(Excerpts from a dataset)

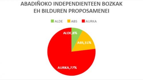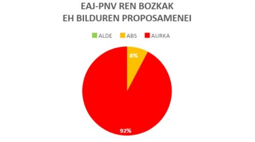 - EH Bilduren mozioen aurrean: AIk aldeko botoa eman du ( % 8), abstenitu egin da ( % 15) eta kontra bozkatu du ( % 77). EAJ % 8 abstenitu da eta % 92k kontra bozkatu du. EAJk ez du eh Bilduren proposamenen alde bozkatu.
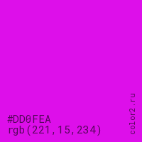 Цвет #DD0FEA в цветовой модели RGB обозначается тремя октетами (221, 15, 234) в десятичном формате и #DD0FEA в шестнадцатиричном (hex) формате, которые являются интенсивностью красного 221 (hex DD), интенсивность зелёного 15 (hex 0F) и интенсивность синего 234 (hex EA).
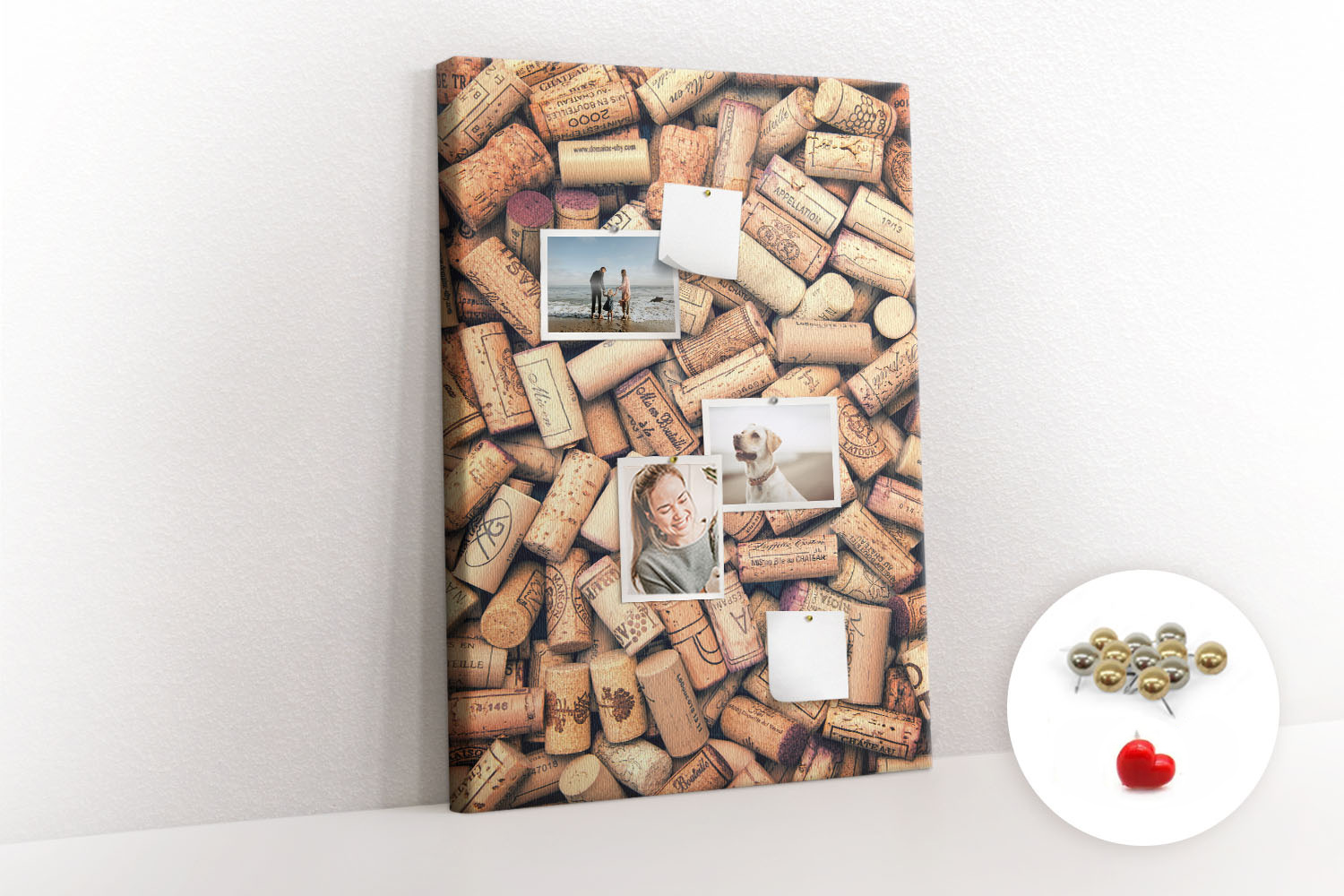 Tablica korkowa z nadrukiem z metalicznymi pinezkami
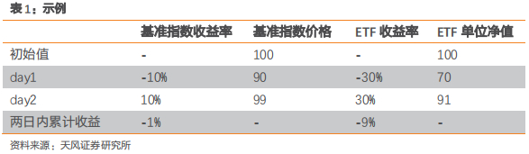 举个简单的例子进行说明,假设不考虑所有的交易成本,一个基准指数的前收盘价为100,当日下跌10%,收盘点位为90。另有一只3倍杠杆ETF跟踪该基准指数,并且前一日该ETF的单位净值也为100,由于基准指数下跌10%并且杠杆为3倍,因而该ETF当日收盘后的单位净值为70。假设第二日基准指数上涨10%,则该指数的收盘价为99,3倍杠杆ETF的单位净值为91。两天内基准指数和ETF的累计收益分别为-1%和-9%,虽然我们买入的是一只三倍杠杆ETF,但两日内该ETF就有了9倍的杠杆。然而很多投资者会错误地认为该区间内ETF只应下跌-3%。
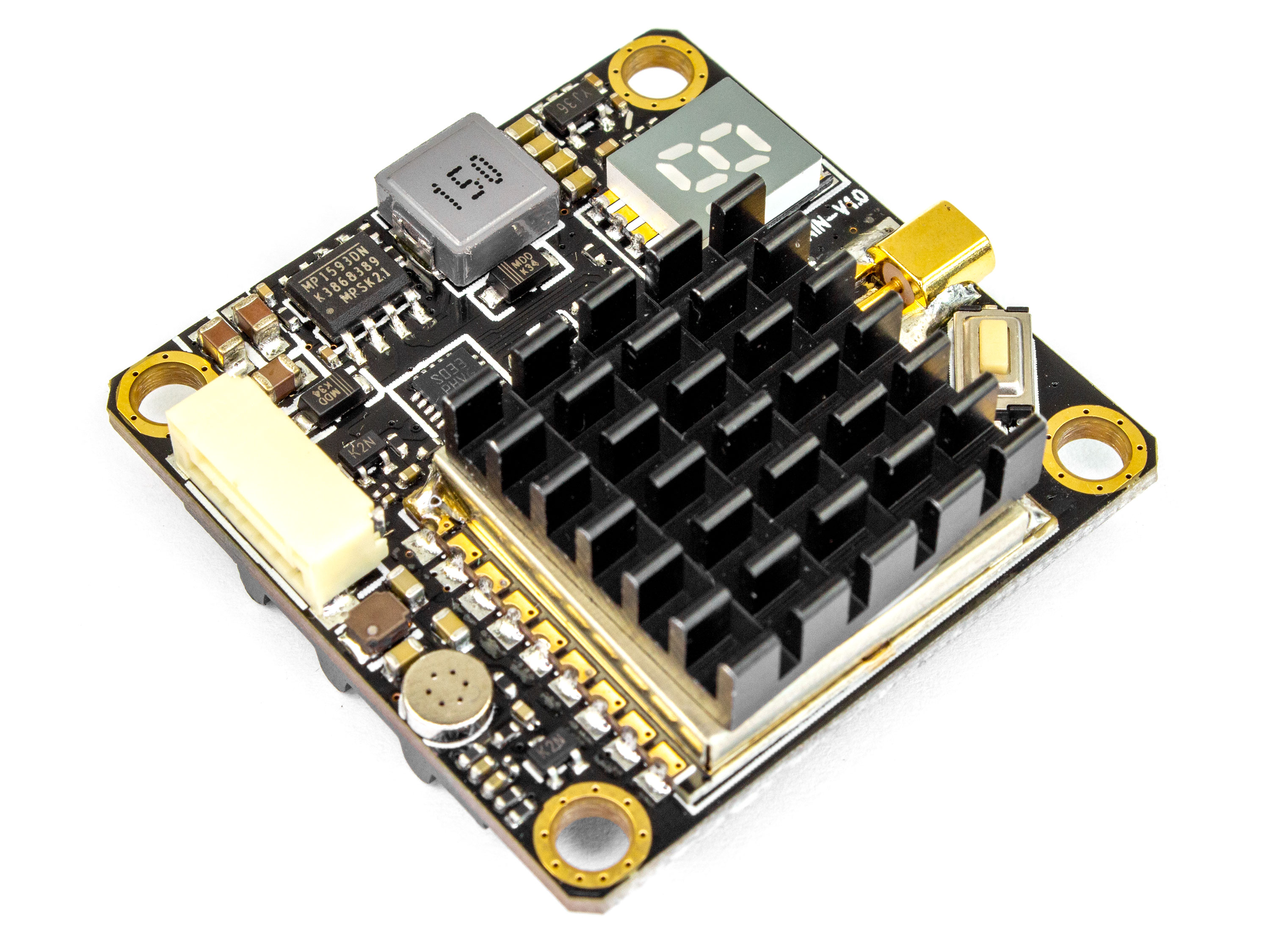 Для забезпечення ефективного охолодження передавача, плату оснащено двома масивними радіаторами, які приклеєні з обох сторін за допомогою теплопровідного клею.

§ ASSIGNED TASK
For each line above, output its wording exactly and leave out any picture.

§ RESPONSE
 - EH Bilduren mozioen aurrean: AIk aldeko botoa eman du ( % 8), abstenitu egin da ( % 15) eta kontra bozkatu du ( % 77). EAJ % 8 abstenitu da eta % 92k kontra bozkatu du. EAJk ez du eh Bilduren proposamenen alde bozkatu.
 Цвет #DD0FEA в цветовой модели RGB обозначается тремя октетами (221, 15, 234) в десятичном формате и #DD0FEA в шестнадцатиричном (hex) формате, которые являются интенсивностью красного 221 (hex DD), интенсивность зелёного 15 (hex 0F) и интенсивность синего 234 (hex EA).
 Tablica korkowa z nadrukiem z metalicznymi pinezkami
 举个简单的例子进行说明,假设不考虑所有的交易成本,一个基准指数的前收盘价为100,当日下跌10%,收盘点位为90。另有一只3倍杠杆ETF跟踪该基准指数,并且前一日该ETF的单位净值也为100,由于基准指数下跌10%并且杠杆为3倍,因而该ETF当日收盘后的单位净值为70。假设第二日基准指数上涨10%,则该指数的收盘价为99,3倍杠杆ETF的单位净值为91。两天内基准指数和ETF的累计收益分别为-1%和-9%,虽然我们买入的是一只三倍杠杆ETF,但两日内该ETF就有了9倍的杠杆。然而很多投资者会错误地认为该区间内ETF只应下跌-3%。
 Для забезпечення ефективного охолодження передавача, плату оснащено двома масивними радіаторами, які приклеєні з обох сторін за допомогою теплопровідного клею.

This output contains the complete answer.